As of why I choose python, you can read the famous Jake Vanderplas' post: 
[Why Python is the Last Language You'll Have To Learn](https://jakevdp.github.io/blog/2012/09/20/why-python-is-the-last/). 
Or, as John Cook synthetically put it:

> I’d rather do mathematics in a general programming language than do general programming in a mathematical language.

(from John's recent post 
[Scientific computing in Python](http://www.johndcook.com/blog/2015/07/16/scientific-computing-in-python/)).

# Burst search

Briefly, a burst search algorithm tries to identifies bursts in a long stream 
of events. In single-molecule fluorescence experiments, this stream is
represented by photon arrival times (timestamps) with a resolution of a few 
nanoseconds.

A common algorithm, introduced by the Seidel group
([Fries 1998](http://dx.doi.org/10.1021/jp980965t)), consists in using a 
sliding windows of duration $T$ and identifying bursts when at least $m$ photons 
lie in this window.
The final step of selecting bursts by size (counts, or number of photons)
is computationally inexpensive and it will be ignored in this post.

Numerically, we need to "slide" the window in discrete steps, and since 
the photon arrival times are stochastic, it makes sense to place
the windows start in correspondence with each timestamp $t_i$ and check 
if there are at least $m$ photons between $t_i$ and $t_i + T$.

But how can we "check if there are at least $m$ photons between 
$t_i$ and $t_i + T$"? In principle, we can count how many photons 
lie in the current time windows and start the burst when this number 
is $\ge m$. 
This would require, for each timestamp $t_i$, looping through a variable
number of timestamps ($n$), until $t_{i+n} - t_i >=T$ then check if 
$n >= m$. In total, we would loop through the full `timestamps` array many times.

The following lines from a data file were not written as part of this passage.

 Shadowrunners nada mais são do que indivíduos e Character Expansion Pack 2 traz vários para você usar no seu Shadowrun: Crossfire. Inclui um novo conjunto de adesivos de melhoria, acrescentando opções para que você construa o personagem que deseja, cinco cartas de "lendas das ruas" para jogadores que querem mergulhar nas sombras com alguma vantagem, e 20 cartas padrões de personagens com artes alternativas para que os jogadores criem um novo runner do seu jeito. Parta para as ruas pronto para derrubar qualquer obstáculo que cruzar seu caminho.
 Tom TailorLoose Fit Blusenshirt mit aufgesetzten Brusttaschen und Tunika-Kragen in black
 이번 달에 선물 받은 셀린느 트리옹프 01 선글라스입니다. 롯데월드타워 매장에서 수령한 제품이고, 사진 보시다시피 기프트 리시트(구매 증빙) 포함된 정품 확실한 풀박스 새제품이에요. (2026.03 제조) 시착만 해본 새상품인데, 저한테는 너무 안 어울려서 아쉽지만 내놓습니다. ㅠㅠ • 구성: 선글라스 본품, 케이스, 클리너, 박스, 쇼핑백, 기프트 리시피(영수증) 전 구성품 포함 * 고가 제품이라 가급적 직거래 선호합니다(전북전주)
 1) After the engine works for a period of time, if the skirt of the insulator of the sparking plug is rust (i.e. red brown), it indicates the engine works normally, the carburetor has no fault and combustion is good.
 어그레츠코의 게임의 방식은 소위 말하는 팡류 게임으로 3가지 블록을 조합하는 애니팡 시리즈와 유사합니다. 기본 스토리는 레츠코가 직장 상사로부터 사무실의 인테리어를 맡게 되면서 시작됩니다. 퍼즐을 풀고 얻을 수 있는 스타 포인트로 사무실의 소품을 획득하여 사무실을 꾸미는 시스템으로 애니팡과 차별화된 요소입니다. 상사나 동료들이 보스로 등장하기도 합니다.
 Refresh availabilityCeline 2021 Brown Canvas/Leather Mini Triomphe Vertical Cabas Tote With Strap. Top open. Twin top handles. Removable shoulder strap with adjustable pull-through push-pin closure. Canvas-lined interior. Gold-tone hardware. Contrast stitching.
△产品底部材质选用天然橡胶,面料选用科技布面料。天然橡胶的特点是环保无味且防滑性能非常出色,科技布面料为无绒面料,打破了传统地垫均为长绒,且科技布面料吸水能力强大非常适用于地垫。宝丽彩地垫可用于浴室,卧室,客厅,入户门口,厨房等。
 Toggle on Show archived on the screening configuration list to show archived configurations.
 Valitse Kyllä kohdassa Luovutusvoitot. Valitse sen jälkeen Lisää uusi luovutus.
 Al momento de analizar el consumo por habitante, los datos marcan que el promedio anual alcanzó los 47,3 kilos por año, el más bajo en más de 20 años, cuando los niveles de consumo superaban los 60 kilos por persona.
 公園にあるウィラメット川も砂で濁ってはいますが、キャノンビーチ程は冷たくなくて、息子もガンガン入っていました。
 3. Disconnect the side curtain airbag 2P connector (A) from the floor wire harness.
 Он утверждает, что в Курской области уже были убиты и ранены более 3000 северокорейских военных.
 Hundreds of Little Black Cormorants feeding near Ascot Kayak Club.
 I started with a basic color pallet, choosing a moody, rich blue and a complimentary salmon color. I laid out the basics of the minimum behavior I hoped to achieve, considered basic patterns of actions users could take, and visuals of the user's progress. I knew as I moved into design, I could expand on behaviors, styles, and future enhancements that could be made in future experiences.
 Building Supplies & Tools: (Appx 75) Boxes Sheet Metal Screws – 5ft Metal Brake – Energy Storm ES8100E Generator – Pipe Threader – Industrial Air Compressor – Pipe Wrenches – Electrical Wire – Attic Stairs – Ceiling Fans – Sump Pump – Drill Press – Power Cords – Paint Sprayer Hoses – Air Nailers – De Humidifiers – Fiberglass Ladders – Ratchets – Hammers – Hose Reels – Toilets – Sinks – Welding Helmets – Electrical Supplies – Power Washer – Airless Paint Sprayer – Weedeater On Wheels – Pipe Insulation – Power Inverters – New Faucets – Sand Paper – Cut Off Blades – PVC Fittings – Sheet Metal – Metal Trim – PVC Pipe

Equivalently, we can loop over consecutive m-tuple of photons, and 
test if the time difference between the last and the first timestamp 
is $\le T$. This latter approach is much easier to implement and more
efficient as it requires looping through the `timestamps` exactly once.

For the sake of this post, we assume that each burst is characterized 
by only a start and stop time. Finally, since the number of bursts 
is not known in advance, we'll use a list to collect the bursts
found during the search.

# Prepare the data

To test different burst search implementation we can use a single-molecule FRET dataset [available on figshare](http://figshare.com/articles/Example_smFRET_data_files_in_Photon_HDF5_format/1456362). The file are in [Photon-HDF5](http://photon-hdf5.org), so we can load its content with a HDF5 library, such as [pytables](http://www.pytables.org/).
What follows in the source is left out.